Which application are you running the code from - Excel or Word? 

When you're working across applications, it's important to make sure that you are clear to qualify which Application data type you're trying to use (qualify = specify). So, like you did at the start, in the argument, you've written *doc_target As Word.Document* you should specify other Word data types with the express qualification - *Word.* Often times, when it comes to working across Excel and Word, errors will almost always arise from the code declaring a variable with Range data type. This is hugely problematic because while both Word and Excel use Range as a data type, they refer to wildly different things.
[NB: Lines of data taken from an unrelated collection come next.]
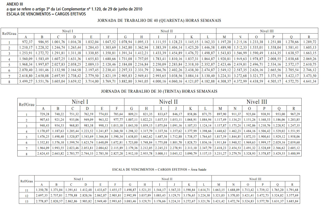 Artigo 4º - Os valores constantes dos Anexos III e IV da Lei Complementar nº 1.120, de 29 de junho de 2010, passam a vigorar reajustados de acordo com os percentuais aplicados sobre vencimentos entre 2010 e 2013, nos termos dos Anexos I e II desta lei complementar.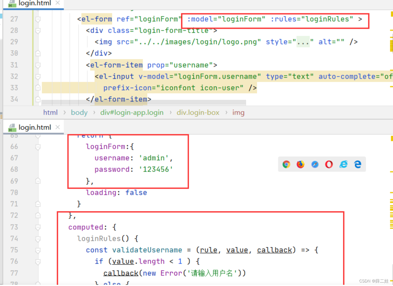 Vue对象通过data()方法绑定JSON数据loginForm,通过computed绑定校验规则loginRules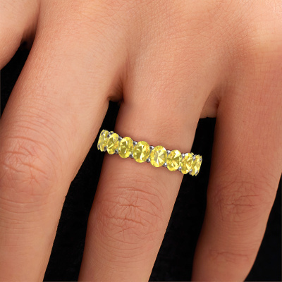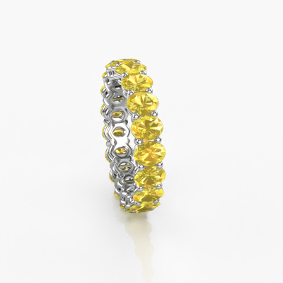 Das ist unser Heddy OVL 3.5x4.5-Ring. Dieser spezielle Typ wird als eternity Ring bezeichnet und ist mit einer durchgehenden Linie von identisch geschliffenen Edelsteinen besetzt. Er ist aus 14 Karat Weißgold und mit kleineren 4.5x3.5 mm Gelb Saphir besetzt. Die erstaunlichen Gelb Saphir sind identisch in der Größe und im Ringband platziert. Unsere Gelb Saphir werden sorgfältig ausgewählt, damit sie identisch sind und somit das beste Ergebnis erzielen. Um das beste Ergebnis zu erzielen, positioniert unser Juwelier alle Gelb Saphir von Hand und mit größter Sorgfalt. Unsere Juweliere haben nur ein Ziel, nämlich den perfekten Ring zu kreieren. Deshalb lieben wir, was wir tun. Am Ende bekommen Sie einen atemberaubenden, Fantasie Weißgold Vorsteckring mit einer Reihe von Gelb Saphir, die weder Anfang noch Ende zu haben scheinen. Das perfekte Symbol für Ihre unsterbliche Liebe zu ihr! Ist sie nicht eine Schönheit? Durch die Kombination modernster Technik mit uralter Handwerkskunst können wir alle Ringe in unserem eigenen Studio anfertigen. Jedes Schmuckstück wird auf Anfrage gefertigt. Das ist vorteilhaft, weil wir Ihnen dadurch einen Preis anbieten können, den Sie nirgendwo anders finden.Unser Team von talentierten, leidenschaftlichen Designern fügt unserer Online-Kollektion täglich neue Ringe-Designs hinzu. Unser Ziel dabei ist es, Ihnen eine große Vielfalt an Schmuckstücken anbieten zu können. Bitte zögern Sie nicht, ein Angebot anzufordern, wenn Sie spezielle Wünsche für Ihren Ring haben. Wir garantieren Ihnen ein Angebot, das Sie nicht ablehnen können.Um es einfacher zu machen, bieten wir eine kostenlose 30-tägige Rücksendung.

Here, you've used: *Dim oTbl As Table*. While a 'table' in Excel is a ListObject data type, and it doesn't have a corresponding 'table' which which to be confused,after  looking your error number/description, it seems to arise when you've not qualified the relevant Application. Assuming that you've set a reference to the Word Object Library, try changing *Table* to *Word.Table*

I don't know if it definitely is going to solve the problem (frankly, I would've thought it would break on the line above), but it will certainly help.

----------


## Flappy

Hi Dan, 

Many thanks for your reply and the explanation.
The code is running from Excel. 
I tried to replace Table by Word.Table, the result is the same, an error when running the code for the second time.
I'll continue to search and pass over my code to check if there are other part that I need to modify in the same way.

----------


## Dan_W

> Hi Dan, 
> 
> Many thanks for your reply and the explanation.
> The code is running from Excel. 
> I tried to replace Table by Word.Table, the result is the same, an error when running the code for the second time.
> I'll continue to search and pass over my code to check if there are other part that I need to modify in the same way.
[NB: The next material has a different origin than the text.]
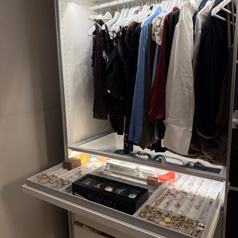 Det som är så bra med dess inredning är att du själv kan välja hur du vill inreda garderoberna med hyllorna!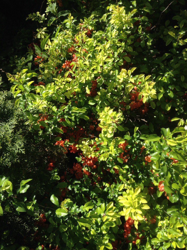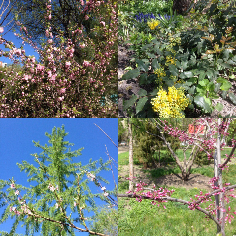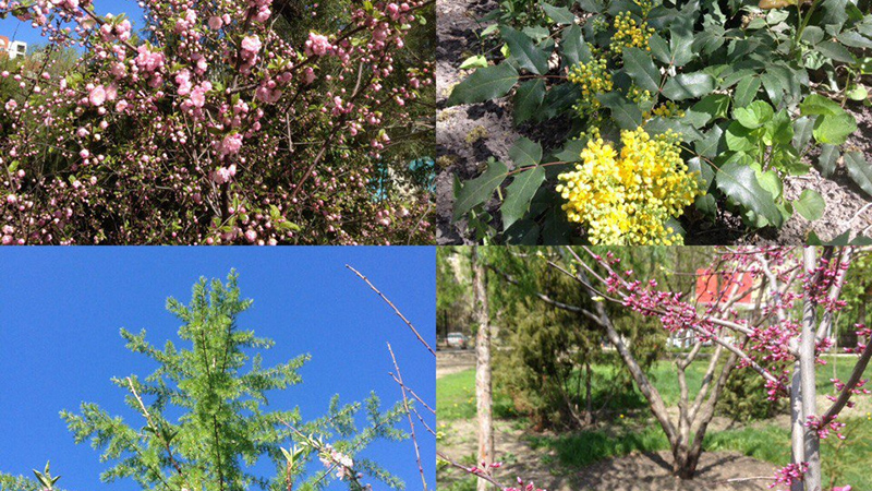Например, цветение наблюдалось у миндаля и персикового дерева. В настоящее время цветут японская керрия, несколько видов айвы, магония, церсис, дейция, рододендрон, лунария и др. Недавно появились еще несколько видов хвойных деревьев, а также ива сорта Хакуро Нишики, американский дерен, пузыреплодник и т.д.

Ahh - it's probably CentimetersToPoints, actually. That's a method of the Word object, so try *Word.CentimetersToPoints*. I note that you've used a few times throughout the code. Fingers crossed.

----------


## Flappy

Hi, 

Indeed I use this method few times in the code and in another sub as well. I added the Word. for all of them (in the whole project) and I got any changes  :Frown: 
I also added the Word. to the other word method or properties that I have in the projects. I also checked that I'm correctly set the object to nothing at the exit of the code.

I noticed another point. After a crash with the error 462, the usage of the stop button allows me reuse the macro without any problems. 
I don't know the exact action of the button, I assume it flushs the memory used by the VBA execution. So it seems that I have somewhere a confusion with the objects between Word and Excel. In that case maybe it's elsewhere in the project outside of this function.

----------